Data segment:
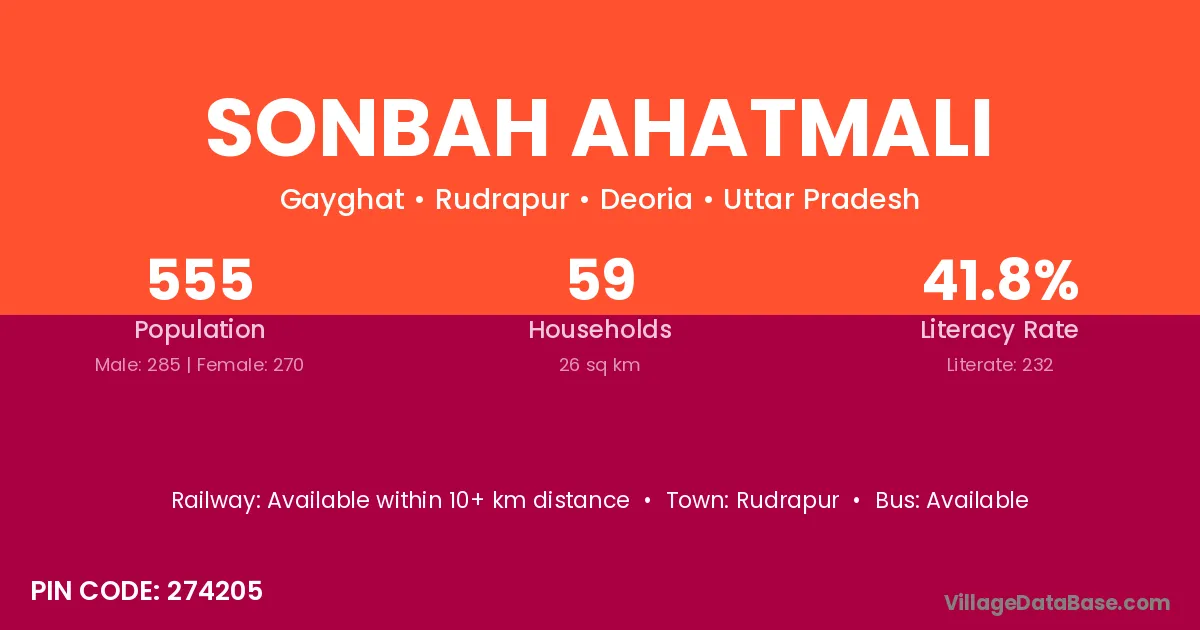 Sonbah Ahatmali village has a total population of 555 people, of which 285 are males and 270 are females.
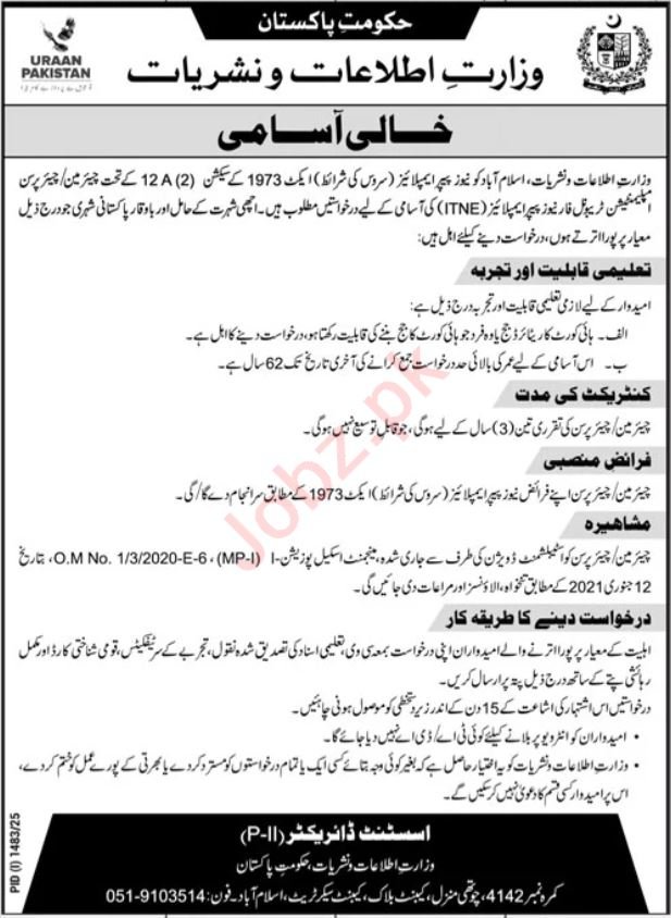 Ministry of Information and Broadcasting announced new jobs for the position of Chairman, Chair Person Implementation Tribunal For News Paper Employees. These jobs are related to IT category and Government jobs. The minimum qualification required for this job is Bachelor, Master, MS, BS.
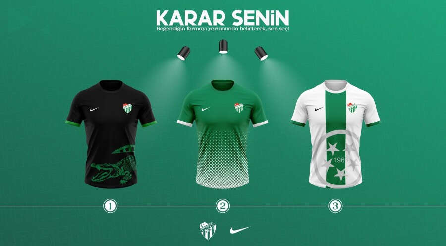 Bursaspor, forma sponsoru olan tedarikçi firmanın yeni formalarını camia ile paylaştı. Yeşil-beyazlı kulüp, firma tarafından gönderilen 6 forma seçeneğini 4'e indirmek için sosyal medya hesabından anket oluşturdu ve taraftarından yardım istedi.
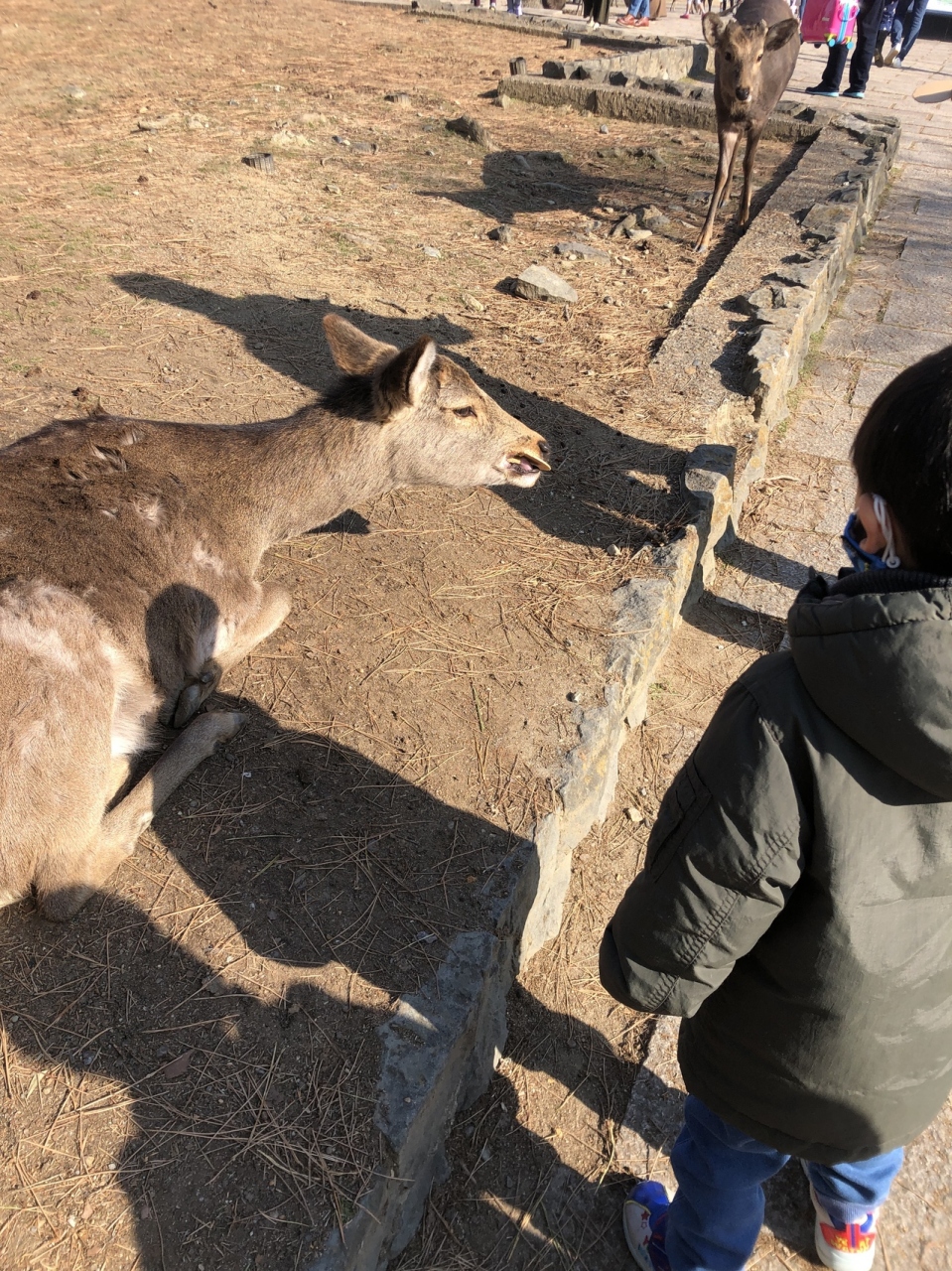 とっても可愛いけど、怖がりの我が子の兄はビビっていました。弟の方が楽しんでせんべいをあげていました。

What you need to do: The expected answer is the data retyped exactly, without pictures.

Written solution:
 Sonbah Ahatmali village has a total population of 555 people, of which 285 are males and 270 are females.
 Ministry of Information and Broadcasting announced new jobs for the position of Chairman, Chair Person Implementation Tribunal For News Paper Employees. These jobs are related to IT category and Government jobs. The minimum qualification required for this job is Bachelor, Master, MS, BS.
 Bursaspor, forma sponsoru olan tedarikçi firmanın yeni formalarını camia ile paylaştı. Yeşil-beyazlı kulüp, firma tarafından gönderilen 6 forma seçeneğini 4'e indirmek için sosyal medya hesabından anket oluşturdu ve taraftarından yardım istedi.
 とっても可愛いけど、怖がりの我が子の兄はビビっていました。弟の方が楽しんでせんべいをあげていました。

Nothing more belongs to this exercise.